Task goal: Copy, word for word, the lines of the listing below from the line with "Felicidade em dobro, primeiro" up to and including the line with "Rochelle Calixto (leftmost)". Drop the pictures.

Given data:
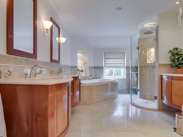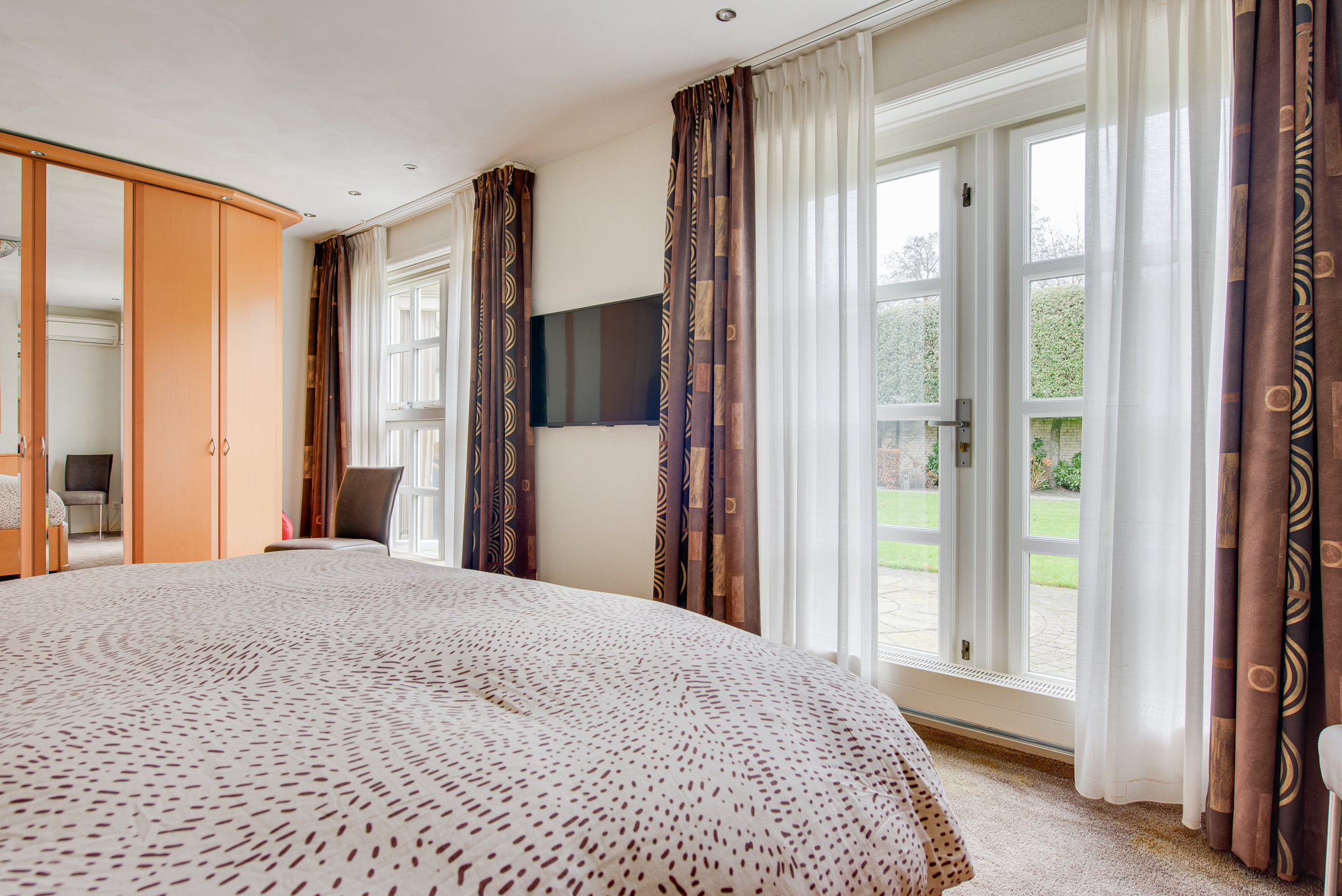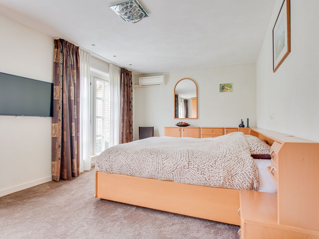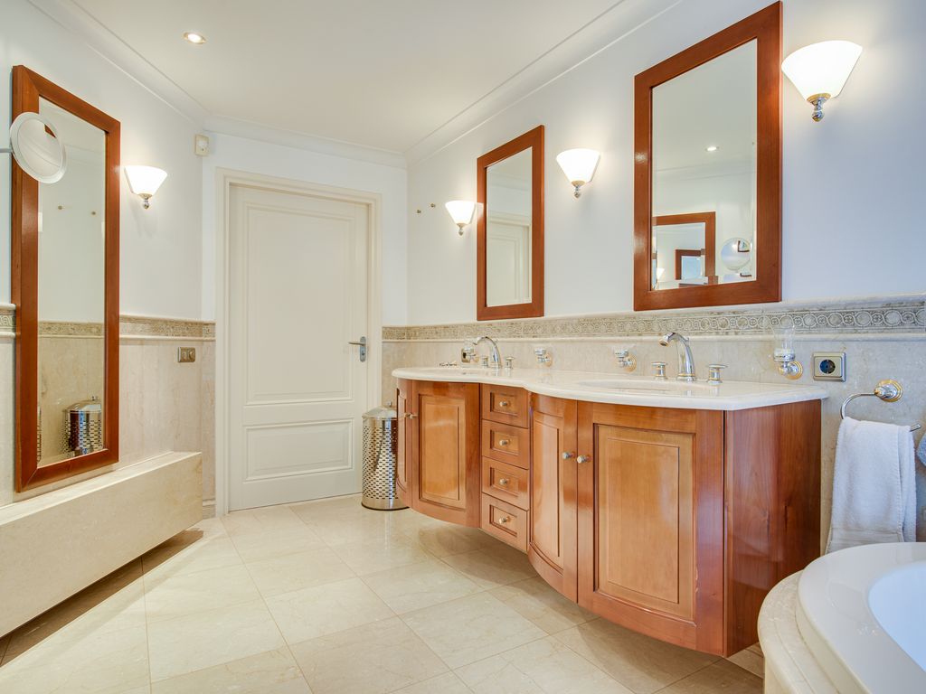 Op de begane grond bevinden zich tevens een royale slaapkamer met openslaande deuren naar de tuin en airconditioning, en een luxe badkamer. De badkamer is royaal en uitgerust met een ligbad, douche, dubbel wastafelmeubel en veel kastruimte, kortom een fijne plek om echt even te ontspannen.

==

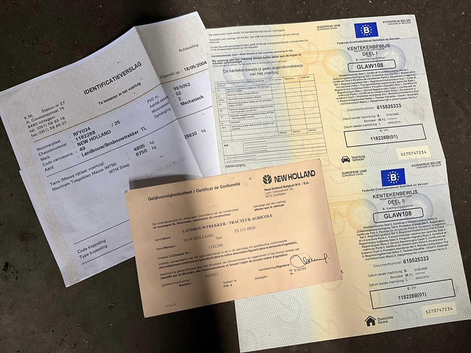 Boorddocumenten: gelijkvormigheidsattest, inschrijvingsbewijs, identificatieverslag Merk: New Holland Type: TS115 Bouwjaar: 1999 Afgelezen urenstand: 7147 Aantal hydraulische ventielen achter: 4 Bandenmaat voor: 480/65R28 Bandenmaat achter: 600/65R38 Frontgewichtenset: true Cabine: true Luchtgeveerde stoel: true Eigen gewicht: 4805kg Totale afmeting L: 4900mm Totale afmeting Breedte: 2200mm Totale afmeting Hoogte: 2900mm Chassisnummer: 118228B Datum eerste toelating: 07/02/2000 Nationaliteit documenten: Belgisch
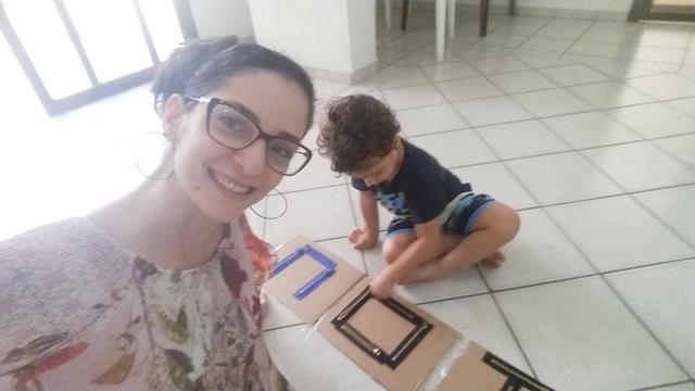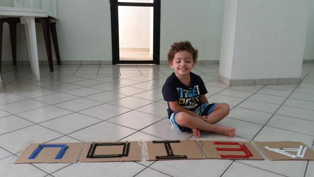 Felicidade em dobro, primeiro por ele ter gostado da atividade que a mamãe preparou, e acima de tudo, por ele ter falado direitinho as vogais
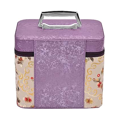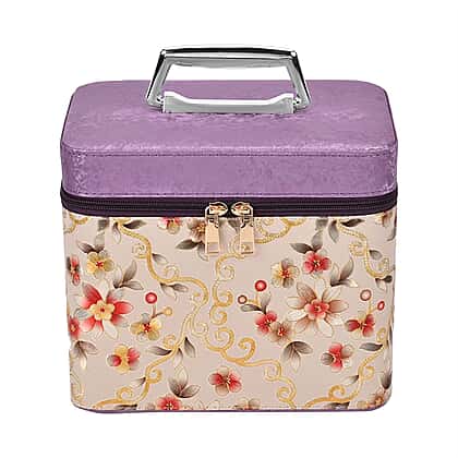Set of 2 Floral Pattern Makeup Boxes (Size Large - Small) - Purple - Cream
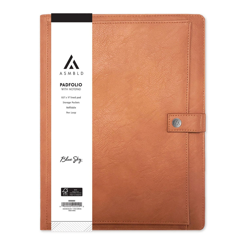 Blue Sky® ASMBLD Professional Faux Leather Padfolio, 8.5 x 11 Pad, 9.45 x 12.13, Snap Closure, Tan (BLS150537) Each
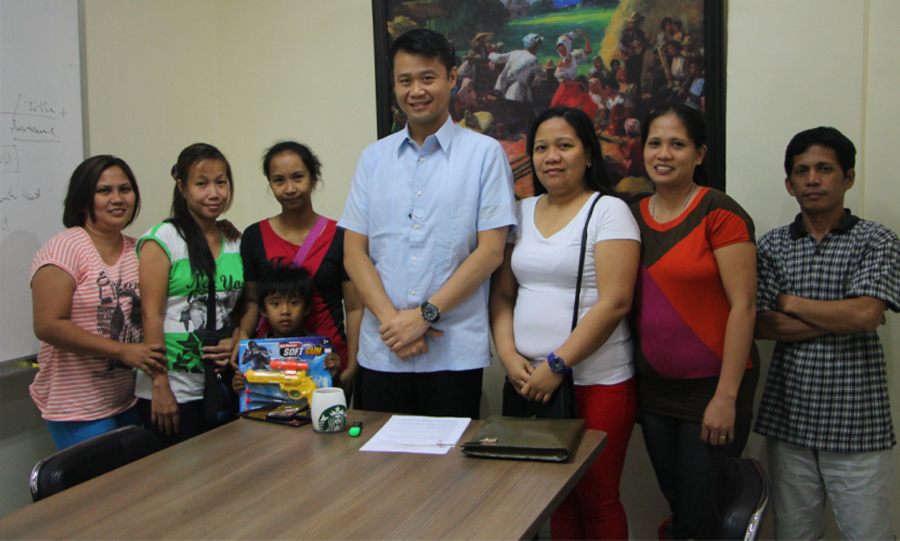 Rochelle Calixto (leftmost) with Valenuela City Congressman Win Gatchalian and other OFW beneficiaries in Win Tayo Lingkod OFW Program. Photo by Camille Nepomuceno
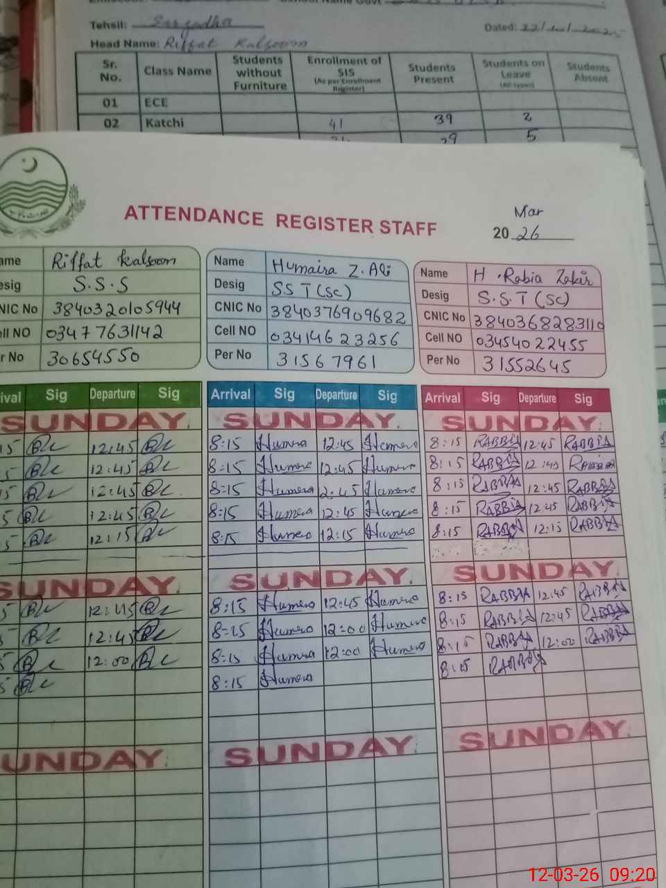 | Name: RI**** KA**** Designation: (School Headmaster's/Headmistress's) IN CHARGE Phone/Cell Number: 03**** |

Your solution:
 Felicidade em dobro, primeiro por ele ter gostado da atividade que a mamãe preparou, e acima de tudo, por ele ter falado direitinho as vogais
Set of 2 Floral Pattern Makeup Boxes (Size Large - Small) - Purple - Cream
 Blue Sky® ASMBLD Professional Faux Leather Padfolio, 8.5 x 11 Pad, 9.45 x 12.13, Snap Closure, Tan (BLS150537) Each
 Rochelle Calixto (leftmost) with Valenuela City Congressman Win Gatchalian and other OFW beneficiaries in Win Tayo Lingkod OFW Program. Photo by Camille Nepomuceno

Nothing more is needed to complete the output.